Kenny Cody wasn’t the only Newsmax columnist to play politics over Dr. Seuss. Michael Reagan (and co-writer Michael Shannon) ranted in a March 2 column:
We’re old enough to remember when local school boards reflected the culture and sensibilities of the surrounding community providing the students.
Those days are long gone.
Now all too many school boards reflect the latest intellectual fads and fashions of the Harvard School of Education faculty lounge.
Take the great minds inhabiting the Loudoun County, Virginia school board.
Fox News informs us the Loudoun County board has banned Dr. Seuss books from Read Across America Day. That’s the day “dedicated to the importance of reading and literacy. The day falls on Dr. Seuss’s birthday in honor of the impactful (sic) author, whose books have helped countless children learn to read across the globe.”
Learning for Justice, a racial grievance and division–mongering group, claims the children’s books are chock full of “orientalism, anti-Blackness and White supremacy.”
As we know, that’s not true — the Loudoun County schools did not “ban” Dr. Seuss books — it de-emphasized them for more diverse selection, following similar priorities from Read Across America Day.

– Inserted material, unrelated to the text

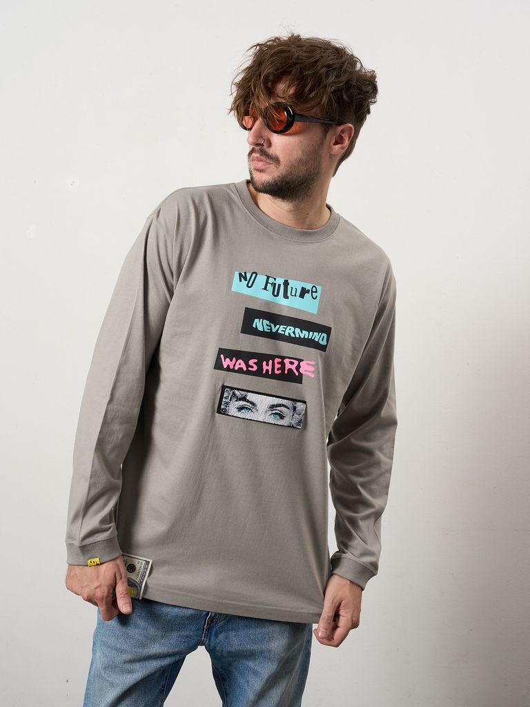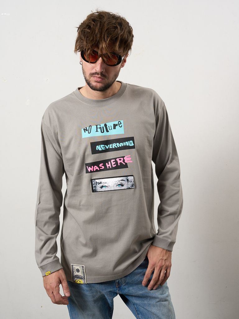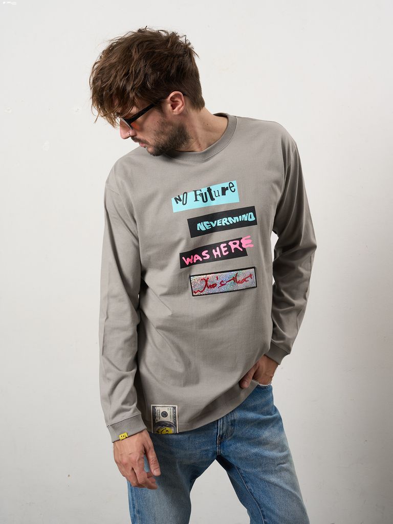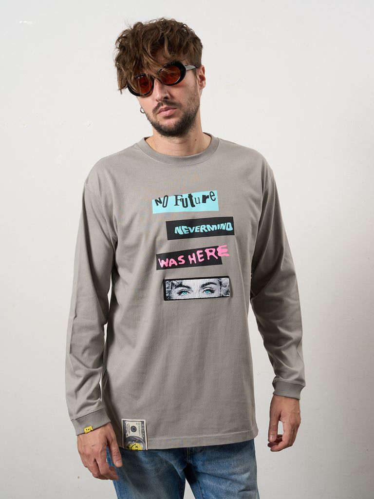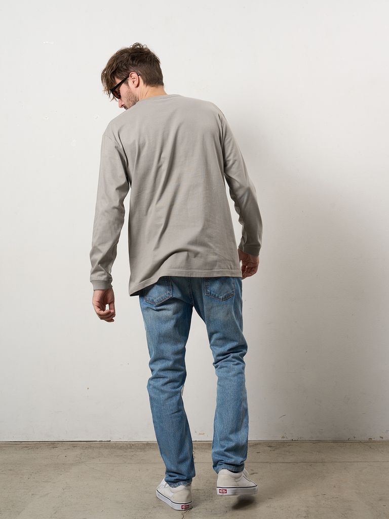 【予約品 10月16日(木) 締切】5.6ozコットン天竺 タイトルボックスシークイン LSシャツ / チャコールグレー
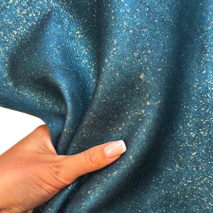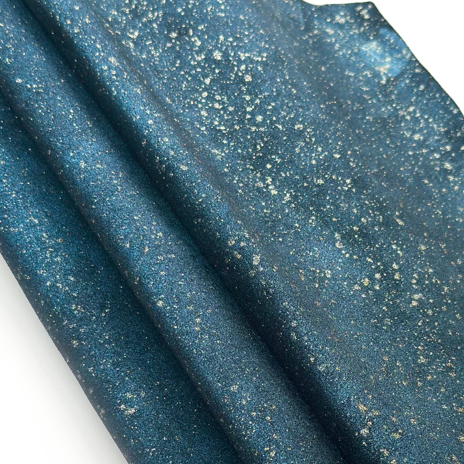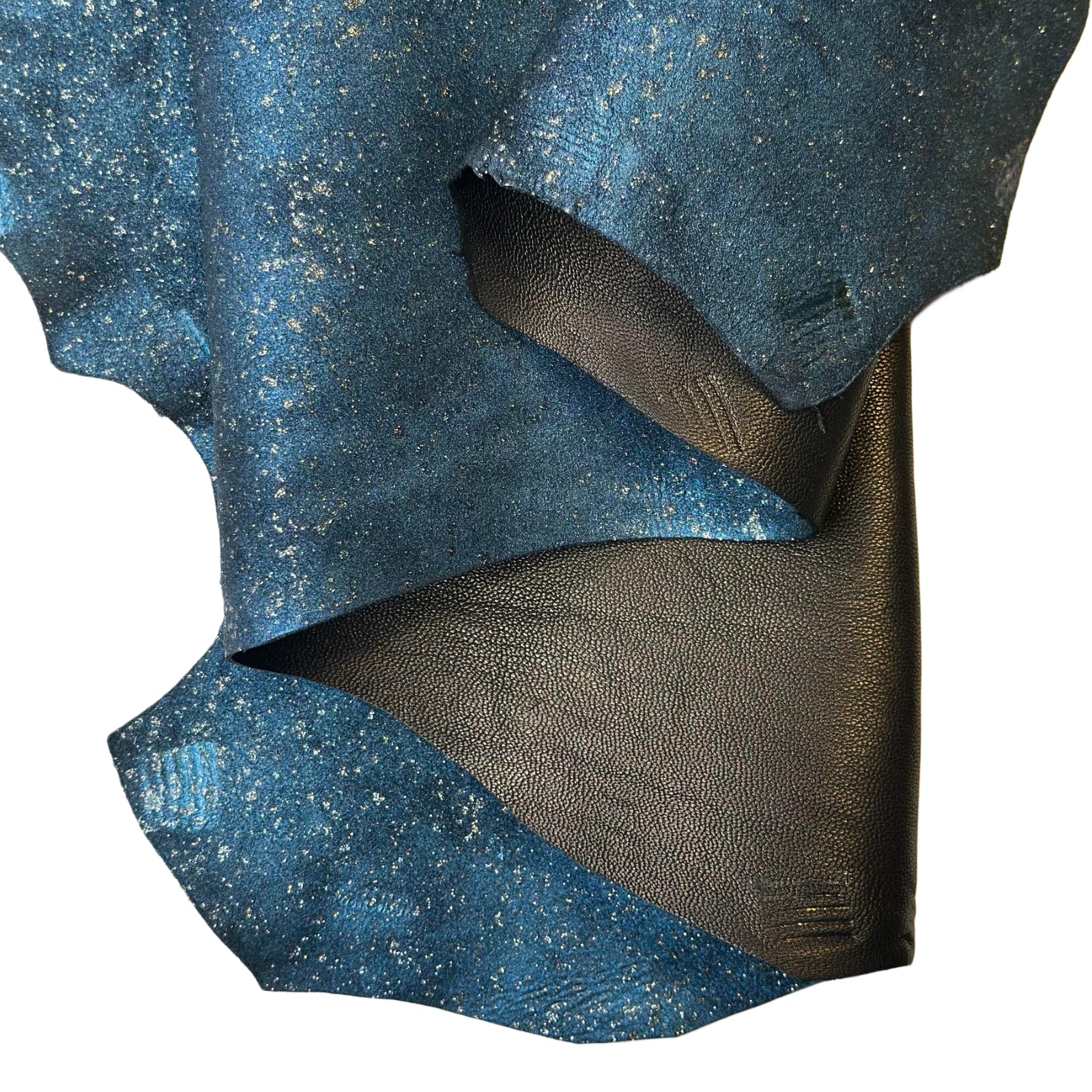 Bring bold luxury to your projects with this stunning blue metallic lambskin suede leather. The rich blue tone is enhanced with a shimmering silver overlay that gives the surface a glamorous, reflective shine, while still keeping the buttery-soft texture of lamb suede. This is 100% real Italian lambskin, lightweight and flexible - ideal for high-end accessories and crafts. ♥️

But Reagan doesn’t care about facts as long as he has an argument to make. He declared that “All we ever detected was general hilarity and borderline chaos in the Seuss’ books” and rehashed the storyline of “Green Eggs and Ham,” which nobody was complaining about, and accused critics of the racism in some books of “wanting to deprive children of the Dr. Seuss experience,” which nobody is actually trying to do.